在图像和视频中进行准确的人体姿势分类对于自动化应用在多个领域是至关重要的,包括工作安全、物理康复、体育训练或日常辅助生活。最近,如Contrastive Language-Image Pretraining(CLIP)等多模态学习方法在联合理解图像和文本方面取得了显著进展。本研究旨在评估CLIP在人体姿势分类方面的有效性,重点关注其在瑜伽中的应用。尽管零样本方法存在初始局限性,但在具有82类的15301张(真实和合成)图像上应用迁移学习已显示出令人鼓舞的结果。文章详细介绍了微调过程的完整步骤,包括图像描述语法、模型的选择和超参数的调整。经过精细调整的CLIP模型在3826张图像上进行了测试,准确率超过85%,较同一数据集上的先前最佳工作高出约6%,其训练时间是微调YOLOv8模型所需时间的3.5倍。对于面向应用的实际场景,使用每个姿势仅包含少量图像(例如六个姿势中的六个图像)的数据集进行训练时,精细调整后的模型在包含1301张和401张训练图像的数据集上分别达到了98.8%和99.1%的准确率。此外,我们的实验表明,每姿势仅使用少量图像(如每个六类数据集仅使用大约二十张图像)进行训练可以达到大约90%的准确率。本研究表明,这种多模态技术可有效用于瑜伽姿势分类,并可能适用于一般的人体姿势分类。此外,CLIP推理时间约为7毫秒,支持将该模型集成到姿势评估的自动化系统中,例如开发用于性能评估的实时个人瑜伽助理。

论文及项目相关链接

PDF

Summary
本研究利用对比语言图像预训练(CLIP)进行瑜伽姿势分类,通过对15,301张图像(真实和合成)进行迁移学习,在瑜伽姿势分类上取得了显著效果。精细调整的CLIP模型在测试集上准确率超过85%,显著优于先前在同一数据集上的最佳表现,同时训练时间减少了约三倍。此外,即使使用少量图像(每姿势仅20张),该模型在六类数据集中仍能达到约90%的准确率。研究证明该技术可有效地用于瑜伽姿势分类及一般人类姿势分类,并且CLIP的快速推理时间使其可集成到姿势评估的自动化系统中。

Key Takeaways

  1. 对比语言图像预训练(CLIP)在多模态学习中表现出色,用于瑜伽姿势分类。
  2. 通过迁移学习在大量图像数据上进行精细调整,实现了高准确率的人体位姿分类。
  3. CLIP模型在测试集上的准确率超过85%,显著优于先前的研究。
  4. 使用少量图像(每姿势仅20张)也能实现约90%的准确率。
  5. CLIP模型的训练时间比YOLOv8模型低约三倍。
  6. CLIP的快速推理时间支持集成到自动化系统中进行姿势评估。

Cool Papers

点此查看论文截图

Towards Counterfactual and Contrastive Explainability and Transparency of DCNN Image Classifiers

Authors:Syed Ali Tariq, Tehseen Zia, Mubeen Ghafoor

Explainability of deep convolutional neural networks (DCNNs) is an important research topic that tries to uncover the reasons behind a DCNN model’s decisions and improve their understanding and reliability in high-risk environments.
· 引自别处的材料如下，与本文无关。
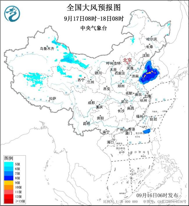 中央气象台9月16日06时继续发布大风蓝色预警:

In this regard, we propose a novel method for generating interpretable counterfactual and contrastive explanations for DCNN models. The proposed method is model intrusive that probes the internal workings of a DCNN instead of altering the input image to generate explanations. Given an input image, we provide contrastive explanations by identifying the most important filters in the DCNN representing features and concepts that separate the model’s decision between classifying the image to the original inferred class or some other specified alter class. On the other hand, we provide counterfactual explanations by specifying the minimal changes necessary in such filters so that a contrastive output is obtained. Using these identified filters and concepts, our method can provide contrastive and counterfactual reasons behind a model’s decisions and makes the model more transparent. One of the interesting applications of this method is misclassification analysis, where we compare the identified concepts from a particular input image and compare them with class-specific concepts to establish the validity of the model’s decisions. The proposed method is compared with state-of-the-art and evaluated on the Caltech-UCSD Birds (CUB) 2011 dataset to show the usefulness of the explanations provided.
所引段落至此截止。